Jeremy Spenser, Andrew Ray and Peter Asher play three young school-children pals (the last two of them brothers), who steal a plane for a peace mission to Vienna. This causes a stink between the brothers’ divorcing pacifist father Mr John Hampden (John Mills) and headmaster Dr Skillingworth (Alastair Sim).
John neglects his wife (Yvonne Mitchell as the boys’ mother, Mrs Stella Hampden) and two sons through over-involvement in his causes. The wife, on the point of divorcing her husband, finds Skillingworth knocking on their door informing them their boys are going to be expelled for fighting, an irony as the father is a pacifist. But, when they three get to the school, the boys have disappeared.

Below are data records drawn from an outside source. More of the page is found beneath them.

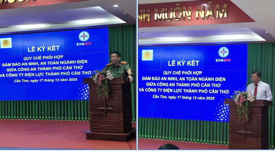 Tuy nhiên, trong bối cảnh phát triển kinh tế xã hội, quá trình đô thị hóa ngày càng nhanh, nhu cầu sử dụng điện tăng cao; tình hình kinh tế, chính trị, xã hội có nhiều chuyển biến; âm mưu, hoạt động phá hoại của các thế lực thù địch và các loại tội phạm ngày càng tinh vi, nguy hiểm; đặc biệt là tội phạm sử dụng công nghệ cao, tội phạm phá hoại cơ sở vật chất kỹ thuật các công trình quan trọng; hoạt động kích động người dân khiếu nại, khiếu kiện, tập trung đông người gây rối an ninh, trật tự có xu hướng gia tăng. Do vậy, việc đảm bảo an ninh, an toàn ngành điện trên địa bàn thành phố Cần Thơ là hết sức cần thiết và có ý nghĩa đặc biệt quan trọng. Sau thời gian phối hợp khẩn trương, nổ lực chuẩn bị. Vào chiều ngày 17/12/2025 tại Hội trường Công ty điện lực thành phố Cần Thơ đã long trọng diễn ra Lễ ký kết Quy chế phối hợp giữa ngành Công an và Công ty điện lực thành phố Cần Thơ về “Đảm bảo an ninh, an toàn ngành điện trên địa bàn thành phố Cần Thơ”. Tham dự và chủ trì buổi lễ có đồng chí Đại tá Vũ Thành Thức - Uỷ viên Ban Thường vụ Đảng uỷ, Phó Giám đốc Công an thành phố và ông Lê Hoàng Thắng - Giám đốc Công ty điện lực thành phố Cần Thơ. Cùng tham dự buổi lễ còn có sự góp mặt của đại diện Lãnh đạo các đơn vị, phòng chức năng trực thuộc hai ngành và Công an phường Ninh Kiều. Theo nội dung Quy chế, Công an thành phố và Công ty điện lực thành phố Cần Thơ sẽ tăng cường phối hợp trao đổi thông tin, tình hình liên quan đến an ninh, an toàn hệ thống điện; kịp thời phát hiện, ngăn chặn và xử lý các hành vi vi phạm pháp luật như trộm cắp, phá hoại công trình điện, sử dụng điện trái phép, cản trở thi công các dự án điện và các hành vi gây mất an ninh, trật tự khác; hai bên cũng thống nhất phối hợp xây dựng và triển khai các phương án bảo vệ an ninh, an toàn đối với các công trình điện trọng điểm, các tuyến đường dây và trạm biến áp; phối hợp xử lý, khắc phục các sự cố, thiên tai, cháy nổ; tổ chức tuần tra, kiểm tra, hướng dẫn Công an cấp xã, Đội quản lý điện và lực lượng bảo vệ cơ sở thực hiện tốt nhiệm vụ, chủ động phòng ngừa, không để xảy ra vụ việc phức tạp, tình huống bị động, bất ngờ. Bên cạnh đó, công tác tuyên truyền, phổ biến pháp luật về bảo vệ công trình điện và hành lang an toàn lưới điện cao áp cũng sẽ được đẩy mạnh, duy trì tổ chức thường xuyên, đa dạng hình thức, góp phần nâng cao nhận thức, ý thức chấp hành pháp luật của người dân, doanh nghiệp và các tổ chức liên quan.
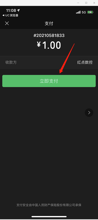 手机自动跳转到微信支付界面,支付成功并完成微信支付;
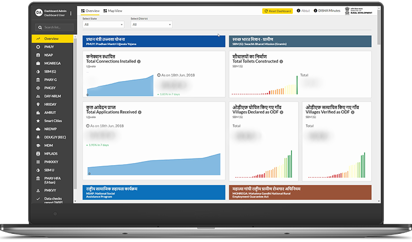 The DISHA Dashboard helps Members of Parliament (MPs), Members of Legislative Assembly (MLAs), and District Officials track the performance of all major flagship schemes in their districts and constituencies.

Director Philip Leacock’s 1955 British film is decent, intelligent drama with amusing comedy and a thoughtful message, adapted by Donald Ogden Stewart from Roger MacDougall’s popular stage play, a long-running hit in London’s West End.
John Mills, Alastair Sim and Yvonne Mitchell come up trumps in warm, appealing performances, and the kids are remarkable, under Leacock’s careful, expert guidance. Stewart wrote the screenplay under the pseudonym of Gilbert Holland.

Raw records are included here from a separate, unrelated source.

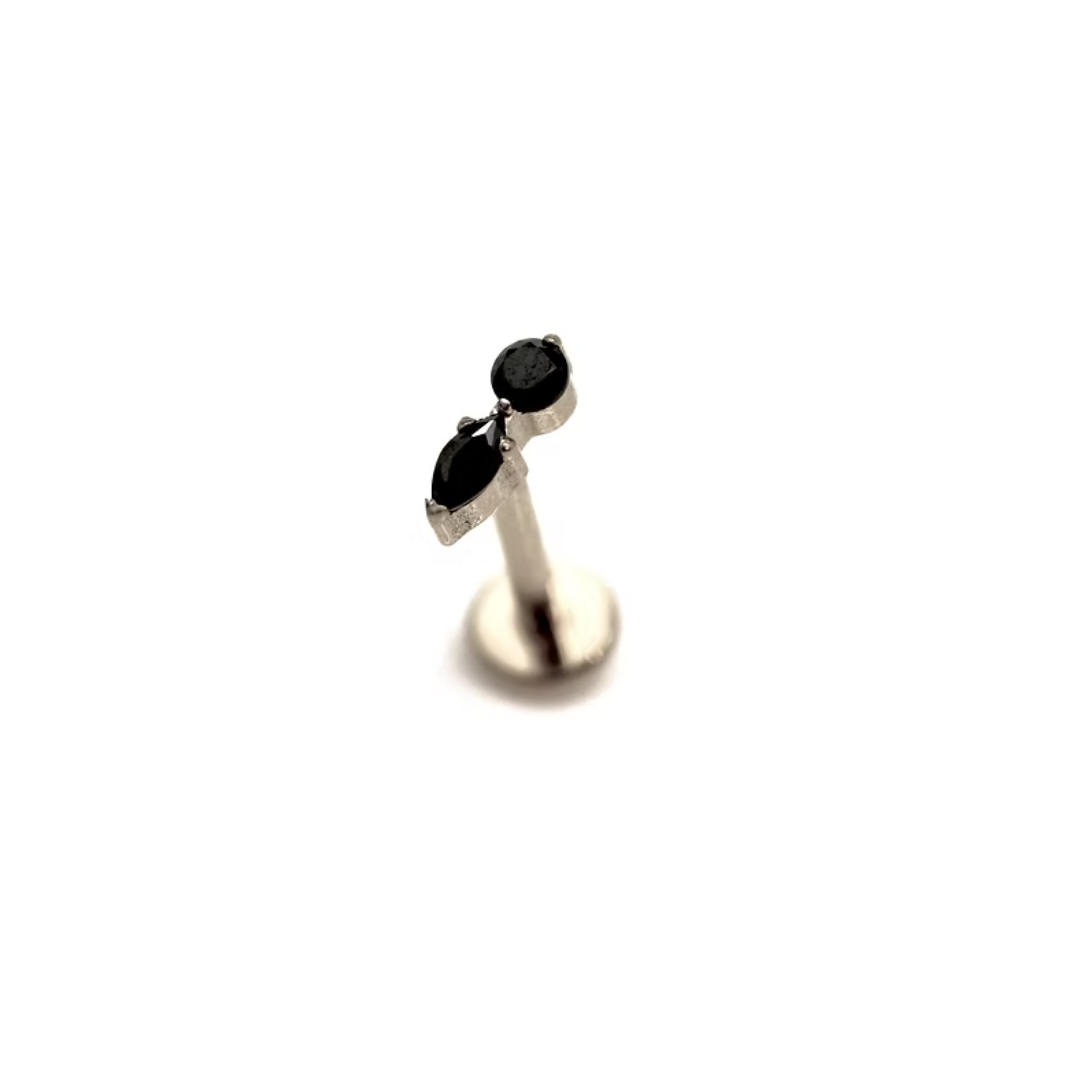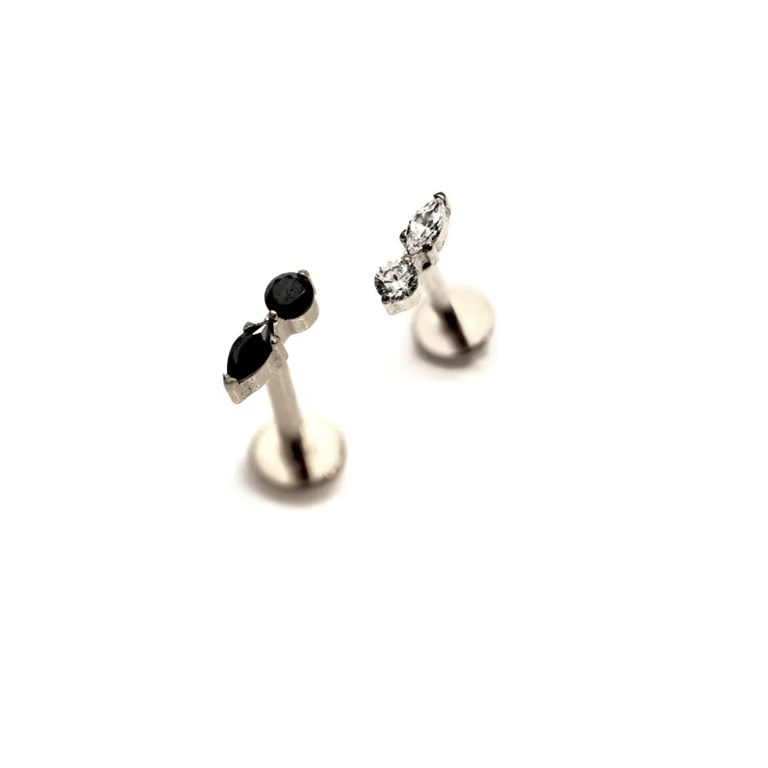 עגיל פירסינג מקסים עשוי טיטניום – היפואלרגני, עמיד ואיכותי משובץ שתי אבני קריסטל לבנות או שחורות.
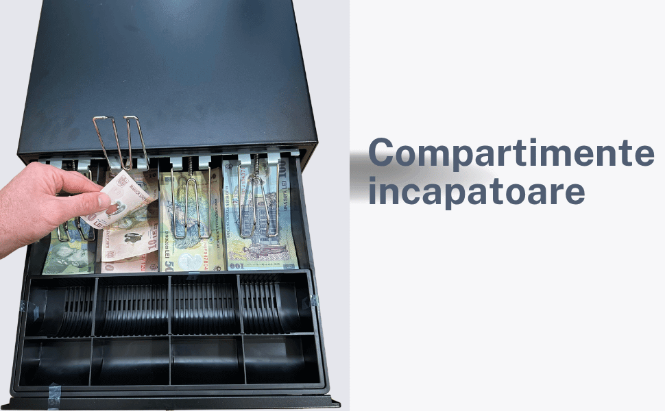 Sertarul pentru bani este compartimentat astfel:
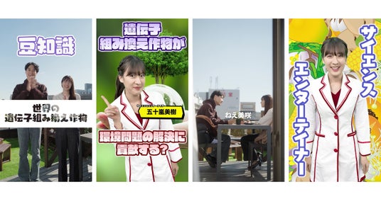 ショートドラマ『仁義なき戦い 新婚旅行計画篇』では五十嵐さんがドラマに初挑戦。夫婦の新婚旅行をめぐる会話の中で遺伝子組み換え技術の海外の事例や研究エピソードについて紹介しています。

Also in the cast are Colin Gordon, Marie Lohr, Nicky Edmett, Christopher Ridley, Sean Barrett, Sonia Williams, Mark Dignam, Kit Terrington, Colin Frear, Stephen Abbott, Anne Allan and John Rae.

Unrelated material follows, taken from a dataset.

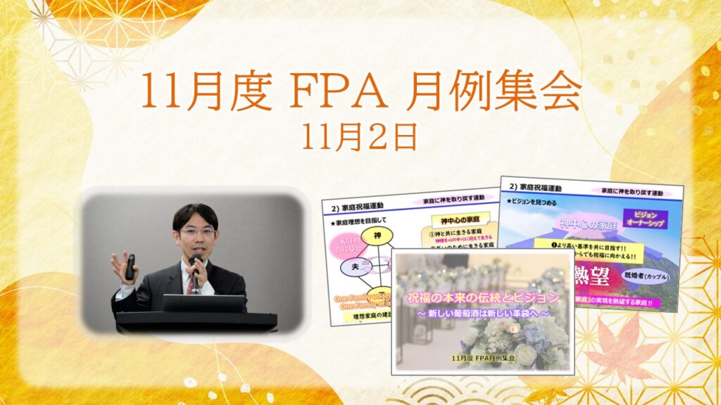 11月2日、恒例の月例集会が開催。今回は、新規参加者を視野に入れ、FPAの祝福観を紹介・解説する場となりました。
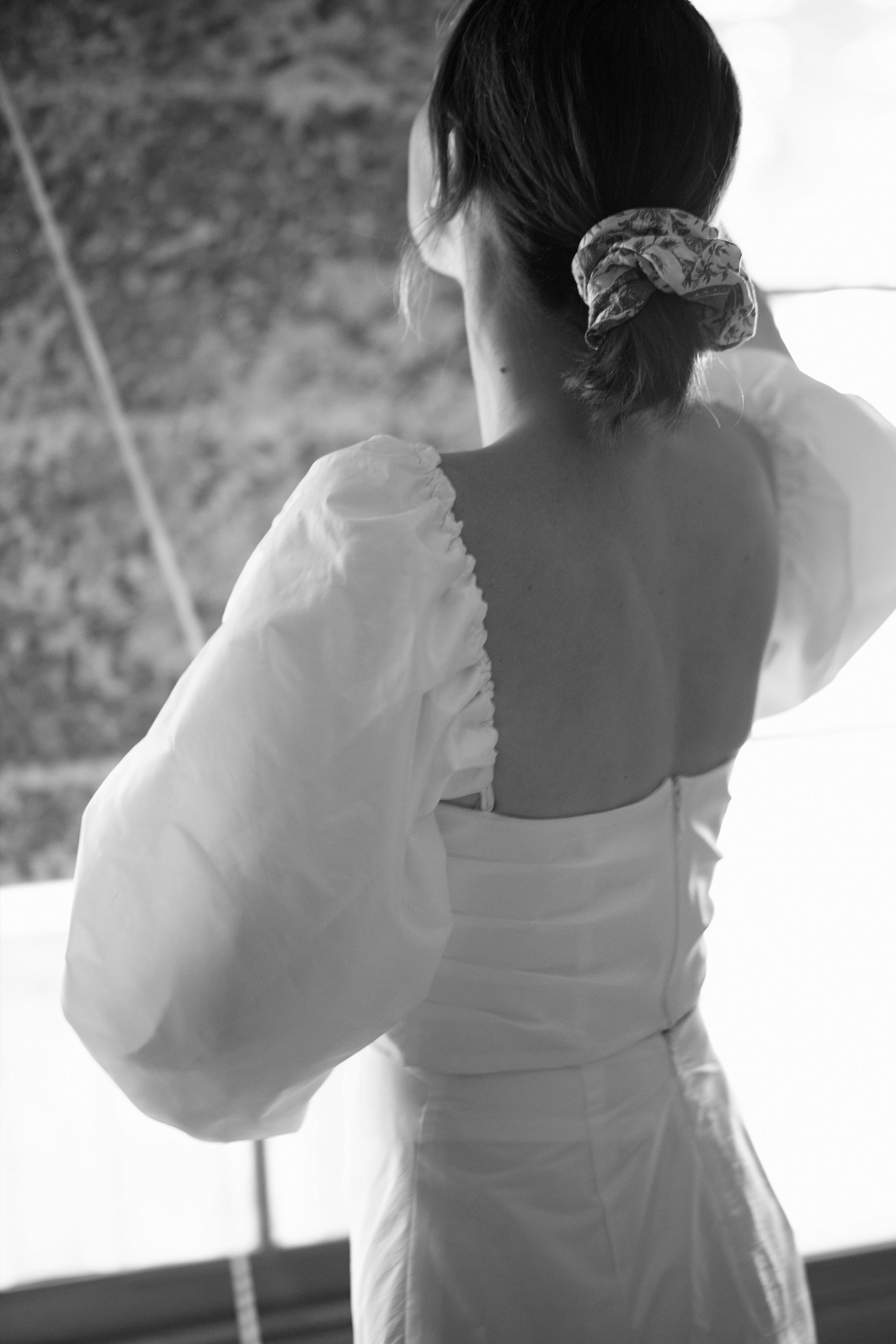 The off-shoulder balloon sleeve is attached at the underarm point with hidden rouleaux loops and buttons.

Peter Asher, the older brother of actress Jane Asher, was a member of the Sixties singing duo Peter and Gordon [Waller], whose hit songs included a number one ‘World Without Love’, written for them by John Lennon and Paul McCartney. He is a musician, manager and record producer.
Andrew Ray died at the age of 64 in 2003 from a heart attack.